Promising prospects that will defeat superbacteria
Work is now underway on a number of priority areas and new tools are being developed that will act on the pathogens or the organism affected by them.
– Antibodies. These are highly precise weapons of the immune system against specific pathogens. Antibodies bind to bacteria and inactivate them or their virulence factors and toxins. Antibody-based drugs have already been developed, and about 10 of them are currently undergoing various stages of clinical trials. Last year, the FDA approved one of these drugs, bezlotoxumab, designed to prevent recurrent infections caused by Clostridium difficile bacteria (occurring in 25-30% of cases). Clostridium difficile causes diarrhea, which can be fatal in debilitated patients. Bezlotoxumab is an antibody whose action is aimed at neutralizing the toxins that are produced by C. difficile and provoke the disease. It is noteworthy that the course of treatment is only one injection of the drug.
– Probiotics. Live microorganisms (lacto- and bifidobacteria) that, when properly strained and administered in adequate amounts, enhance the health of the human body by influencing local immunity in the gut. Probiotics help to displace pathogens throughout the body and also synthesize bacteriocins, lysozyme and other antimicrobial substances. In a few years, probiotics effective for diarrhea caused by C. difficile should be available.
– Bacteriophages are natural and artificial. These are viruses directed against certain pathogenic bacteria. The selective action of phages is due to the fact that, thanks to their sensors, they bind to the receptors of bacterial cell walls, penetrate bacterial cells and switch them to reproduction of their own kind. With the help of genetic engineering methods phages are improved, giving them new properties. Thus, it is expected that by 2023 bacteriophages capable of fighting P. aeruginosa will be registered.
– Bacteriolysins. These substances, as their name implies, dissolve bacteria. For pharmaceutical production, substances used by bacteriophages to destroy bacterial cell walls are promising. Lysins are particularly active against Gram-negative pathogens. Two lysine preparations are currently undergoing Phase I clinical trials for the treatment of diseases caused by resistant Staphylococcus aureus.

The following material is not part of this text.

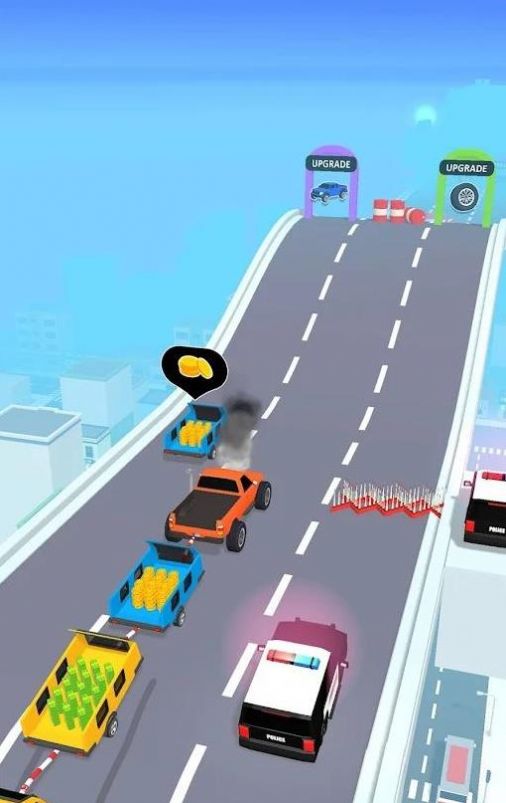 2、避开各种障碍物,并且还可以击倒警车,获得维修通道,保持车辆正常行驶。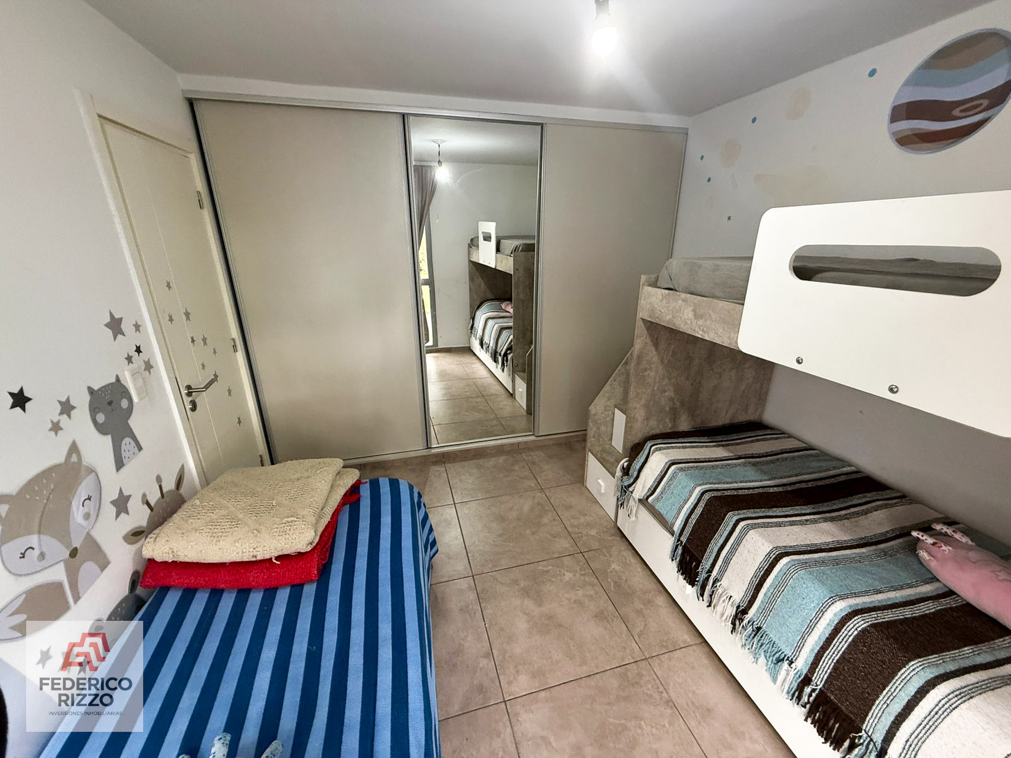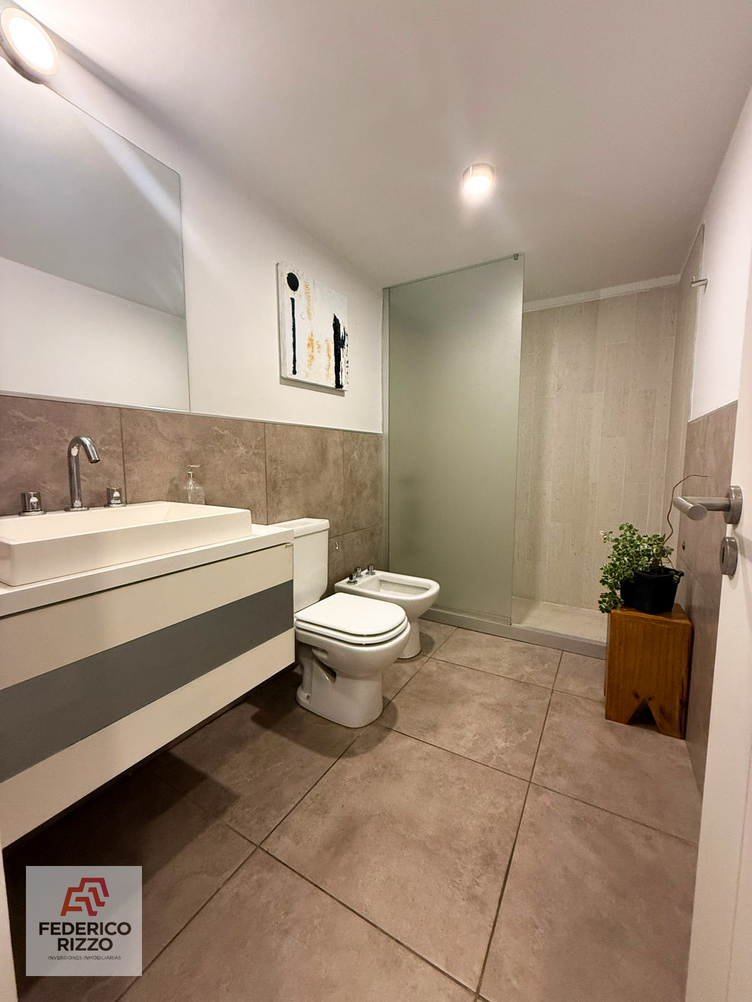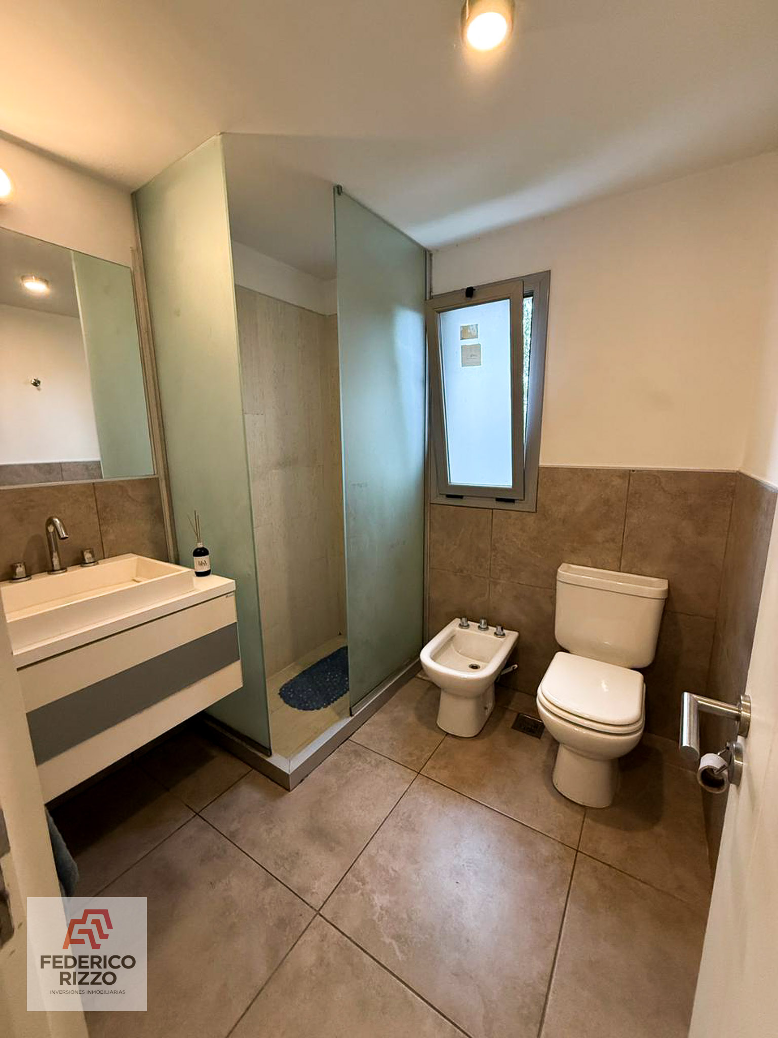 El alquiler de departamento en Manantiales cuenta con dos amplios dormitorios, ambos con placard empotrado, que brindan mucho espacio y orden. Los placares están equipados con cajones y divisiones. Tiene dos baños, uno en suite. El living-comedor es amplio, brindando una gran comodidad para toda la familia o para recibir visitas. La cocina separada está completamente equipada con mueble bajo mesada, alacena, cocina y calefón.

– Enzymes. The functions of both the immune system and pathogens are largely controlled by enzymes. These substances trigger some processes and inhibit others, which can be used in the development of a new class of antibacterial drugs. For example, the enzyme oligoribonuclease inhibits the exchange of chemical signals between individual bacteria. It can be used to stop or prevent the formation of biofilms at the early stages of their formation.
– Immunomodulators. We are not talking about means that increase nonspecific immunity, but about more complex matters. The fact is that the success of antimicrobial therapy depends on a proper immune response. Sometimes it is necessary to enhance it, and for this purpose it is planned to use bacterial lysates, for example, probiotic strains, which are superior to live probiotics in a number of properties. And in the case of septic shock, it may be necessary, on the contrary, to reduce the excessive immune response to reduce tissue damage due to the action of pro-inflammatory cytokines. Such drugs are still under study.
– Vaccines. Work is underway to develop vaccines aimed at new “targets,” such as resistant Staphylococcus aureus, to reduce the need for new antibiotics. Notably, these drugs would be designed to immunize not only children but also adults, including the elderly and debilitated patients. Several such vaccines are already undergoing Phase II and Phase III clinical trials.
– Antimicrobial peptides. There are no such outstanding achievements in this area of research yet, but it is very promising in terms of creating fundamentally new drugs. The essence here is to involve in the fight against infections small protein molecules, which are factors of the innate immunity system of the human body. Antimicrobial peptides have an indirect effect: they protect the skin, GI tract, and respiratory system by increasing the synthesis and activity of various anti-inflammatory agents. In 2013, peptides that prevent the formation of bacterial biofilms were discovered. So far, their development is at the preclinical stage.